→ BRIEF
Each entry below should be output exactly, apart from its images.

Top of EXCERPTED DATA

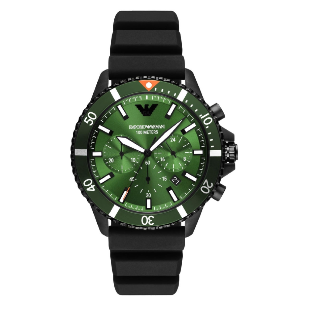 Наручные кварцевые мужские часы марки EMPORIO ARMANI артикул AR11463. Стальной корпус размера 43 мм и толщиной 12 мм. Кроме стандартных в модели добавлена функция секундомера (хронограф) и часовая стрелка в режиме 24 часа. Минеральное стекло. Ремешок из полимерного материала (силикона). Водостойкость 10 АТМ допускает нахождение в воде, но без глубоких погружений. Молодежная линия одежды и аксессуаров Emporio Armani была создана Джоржио Армани в 1981 году. Под этим брендом итальянский Модный дом Giorgio Armani начал выпускать одежду в стиле casual для молодой аудитории от 20 до 35 лет. Поэтому цены на продукцию Emporio Armani более доступные в сравнении с основной линией Модного Дома. ВНИМАНИЕ! Заявленная водостойкость гарантируется только при плотно закрытой или закрученной заводной головке!
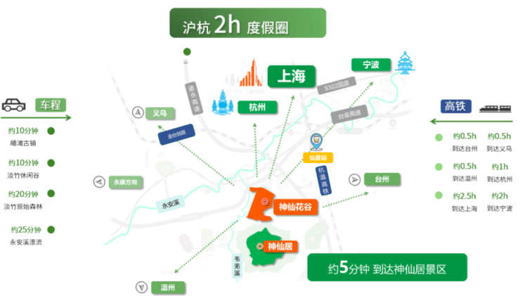 神仙花谷,2024年6月杭温高铁开通后,约40分钟即可抵达杭州,约80分钟到达上海,神仙生活的人间样板
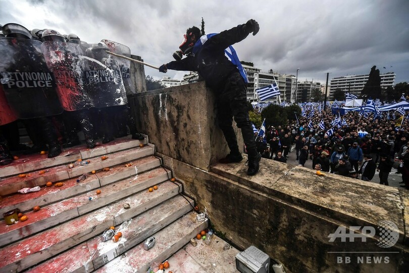【1月21日 AFP】ギリシャの首都アテネで20日、隣国マケドニアの国名変更に関する政府間合意に抗議するデモが行われ、数万人が参加した。一部のデモ参加者と警察の間で衝突も起きた。
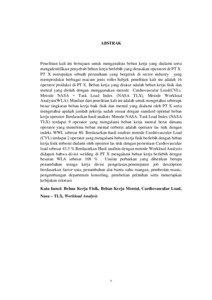 Penelitian kali ini bertujuan untuk menganalisis beban kerja yang dialami serta mengidentifikasi penyebab beban kerja berlebih yang dirasakan operatori di PT X. PT X merupakan sebuah perusahaan yang bergerak di sector industry yang memproduksi berbagai macam jenis roller.Subjek penelitian kali ini adalah 16 operator produksi di PT X. Beban kerja yang diukur adalah beban kerja fisik dan mental yang diolah dengan menggunakan metode Cardiovascular Load(CVL), Metode NASA – Task Load Index (NASA TLX), Metode Workload Analysis(WLA). Manfaat dari penelitian kali ini adalah untuk mengetahui seberapa besar tingkatan beban kerja baik fisik dan mental yang dialami oleh PT X serta mengetahui apakah jumlah pekerja sudah sesuai dengan standard optimal beban kerja operator. Berdasarkan hasil analisis Metode NASA- Task Load Index (NASA TLX) terdapat 9 operator yang mengalami beban kerja mental berat dimana operator yang menerima beban mental terberat adalah operator las titik dengan indeks WWL sebesar 80. Berdasarkan hasil analisis metode Cardiovascular Load (CVL) terdapat 2 operator yang mengalami beban kerja fisik berlebih dengan beban kerja fisik terberat dialami oleh operator las titik dengan persentase Cardiovascular load sebesar 43.5 %.Berdasarkan Hasil analisis dengan metode Workload Analysis didapati bahwa divisi welding di PT X mengalami beban kerja berlebih dengan besaran WLA sebesar 108 % . Usulan perbaikan yang diberikan berupa penambahan tenaga kerja divisi pengelasan,penempatan job description berdasarkan factor usia, penambahan alat bantu suhu ruangan, pemberian music, pengembangan departemen konseling, pemberian pelatihan serta menerapkan kebijakan rekreasi Kata kunci: Beban Kerja Fisik, Beban Kerja Mental, Cardiovascular Load, Nasa – TLX, Workload Analysis
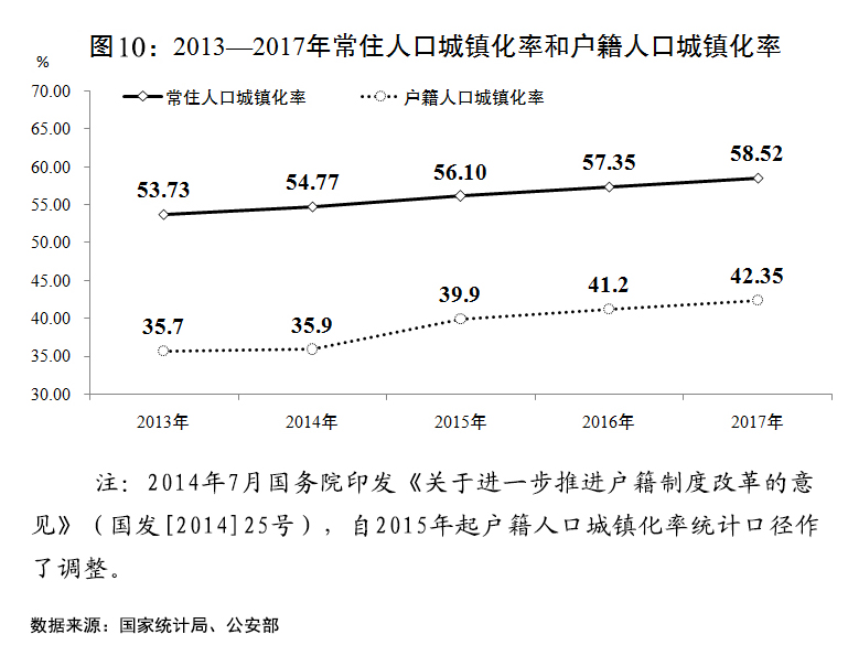 五是以人為核心的新型城鎮(zhèn)化建設(shè)扎實(shí)推進(jìn)。農(nóng)業(yè)轉(zhuǎn)移人口市民化有序推進(jìn),戶(hù)籍制度改革和居住證制度落地實(shí)施。全國(guó)常住人口城鎮(zhèn)化率達(dá)到58.52%,戶(hù)籍人口城鎮(zhèn)化率達(dá)到42.35%,均比上年增加1個(gè)百分點(diǎn)左右。城鎮(zhèn)化空間格局持續(xù)優(yōu)化,長(zhǎng)三角、長(zhǎng)江中游、成渝、哈長(zhǎng)、中原、北部灣等城市群規(guī)劃加快實(shí)施,關(guān)中平原、呼包鄂榆等跨省區(qū)城市群規(guī)劃編制完成。以市場(chǎng)化方式規(guī)范推進(jìn)特色小鎮(zhèn)和小城鎮(zhèn)建設(shè)。新型城鎮(zhèn)化綜合試點(diǎn)取得積極進(jìn)展。

Bottom of EXCERPTED DATA

→ FINAL ANSWER
 Наручные кварцевые мужские часы марки EMPORIO ARMANI артикул AR11463. Стальной корпус размера 43 мм и толщиной 12 мм. Кроме стандартных в модели добавлена функция секундомера (хронограф) и часовая стрелка в режиме 24 часа. Минеральное стекло. Ремешок из полимерного материала (силикона). Водостойкость 10 АТМ допускает нахождение в воде, но без глубоких погружений. Молодежная линия одежды и аксессуаров Emporio Armani была создана Джоржио Армани в 1981 году. Под этим брендом итальянский Модный дом Giorgio Armani начал выпускать одежду в стиле casual для молодой аудитории от 20 до 35 лет. Поэтому цены на продукцию Emporio Armani более доступные в сравнении с основной линией Модного Дома. ВНИМАНИЕ! Заявленная водостойкость гарантируется только при плотно закрытой или закрученной заводной головке!
 神仙花谷,2024年6月杭温高铁开通后,约40分钟即可抵达杭州,约80分钟到达上海,神仙生活的人间样板
【1月21日 AFP】ギリシャの首都アテネで20日、隣国マケドニアの国名変更に関する政府間合意に抗議するデモが行われ、数万人が参加した。一部のデモ参加者と警察の間で衝突も起きた。
 Penelitian kali ini bertujuan untuk menganalisis beban kerja yang dialami serta mengidentifikasi penyebab beban kerja berlebih yang dirasakan operatori di PT X. PT X merupakan sebuah perusahaan yang bergerak di sector industry yang memproduksi berbagai macam jenis roller.Subjek penelitian kali ini adalah 16 operator produksi di PT X. Beban kerja yang diukur adalah beban kerja fisik dan mental yang diolah dengan menggunakan metode Cardiovascular Load(CVL), Metode NASA – Task Load Index (NASA TLX), Metode Workload Analysis(WLA). Manfaat dari penelitian kali ini adalah untuk mengetahui seberapa besar tingkatan beban kerja baik fisik dan mental yang dialami oleh PT X serta mengetahui apakah jumlah pekerja sudah sesuai dengan standard optimal beban kerja operator. Berdasarkan hasil analisis Metode NASA- Task Load Index (NASA TLX) terdapat 9 operator yang mengalami beban kerja mental berat dimana operator yang menerima beban mental terberat adalah operator las titik dengan indeks WWL sebesar 80. Berdasarkan hasil analisis metode Cardiovascular Load (CVL) terdapat 2 operator yang mengalami beban kerja fisik berlebih dengan beban kerja fisik terberat dialami oleh operator las titik dengan persentase Cardiovascular load sebesar 43.5 %.Berdasarkan Hasil analisis dengan metode Workload Analysis didapati bahwa divisi welding di PT X mengalami beban kerja berlebih dengan besaran WLA sebesar 108 % . Usulan perbaikan yang diberikan berupa penambahan tenaga kerja divisi pengelasan,penempatan job description berdasarkan factor usia, penambahan alat bantu suhu ruangan, pemberian music, pengembangan departemen konseling, pemberian pelatihan serta menerapkan kebijakan rekreasi Kata kunci: Beban Kerja Fisik, Beban Kerja Mental, Cardiovascular Load, Nasa – TLX, Workload Analysis
 五是以人為核心的新型城鎮(zhèn)化建設(shè)扎實(shí)推進(jìn)。農(nóng)業(yè)轉(zhuǎn)移人口市民化有序推進(jìn),戶(hù)籍制度改革和居住證制度落地實(shí)施。全國(guó)常住人口城鎮(zhèn)化率達(dá)到58.52%,戶(hù)籍人口城鎮(zhèn)化率達(dá)到42.35%,均比上年增加1個(gè)百分點(diǎn)左右。城鎮(zhèn)化空間格局持續(xù)優(yōu)化,長(zhǎng)三角、長(zhǎng)江中游、成渝、哈長(zhǎng)、中原、北部灣等城市群規(guī)劃加快實(shí)施,關(guān)中平原、呼包鄂榆等跨省區(qū)城市群規(guī)劃編制完成。以市場(chǎng)化方式規(guī)范推進(jìn)特色小鎮(zhèn)和小城鎮(zhèn)建設(shè)。新型城鎮(zhèn)化綜合試點(diǎn)取得積極進(jìn)展。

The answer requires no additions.